— DATASET EXTRACT —

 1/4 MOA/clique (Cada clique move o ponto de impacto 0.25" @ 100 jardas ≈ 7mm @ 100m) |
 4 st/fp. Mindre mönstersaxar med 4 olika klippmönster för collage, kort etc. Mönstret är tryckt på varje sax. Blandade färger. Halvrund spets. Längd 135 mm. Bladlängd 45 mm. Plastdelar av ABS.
--
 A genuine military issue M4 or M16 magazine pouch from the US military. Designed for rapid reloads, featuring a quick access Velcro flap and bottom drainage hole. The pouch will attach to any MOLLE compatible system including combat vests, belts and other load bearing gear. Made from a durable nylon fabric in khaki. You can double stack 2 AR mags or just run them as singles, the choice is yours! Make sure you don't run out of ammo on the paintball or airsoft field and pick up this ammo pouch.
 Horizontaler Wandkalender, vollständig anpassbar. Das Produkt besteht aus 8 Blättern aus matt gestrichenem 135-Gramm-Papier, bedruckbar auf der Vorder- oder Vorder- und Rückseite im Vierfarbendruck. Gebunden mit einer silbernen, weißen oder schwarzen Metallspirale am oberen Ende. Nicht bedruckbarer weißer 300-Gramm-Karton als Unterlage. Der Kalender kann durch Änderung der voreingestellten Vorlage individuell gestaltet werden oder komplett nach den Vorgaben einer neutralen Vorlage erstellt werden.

— TASK STATEMENT —
Reproduce exactly the stretch of the material above that starts at the line with "1/4 MOA/clique (Cada" and ends at the line with "4 st/fp. Mindre", both included, and nothing else.

— THE COMPLETED TASK —
 1/4 MOA/clique (Cada clique move o ponto de impacto 0.25" @ 100 jardas ≈ 7mm @ 100m) |
 4 st/fp. Mindre mönstersaxar med 4 olika klippmönster för collage, kort etc. Mönstret är tryckt på varje sax. Blandade färger. Halvrund spets. Längd 135 mm. Bladlängd 45 mm. Plastdelar av ABS.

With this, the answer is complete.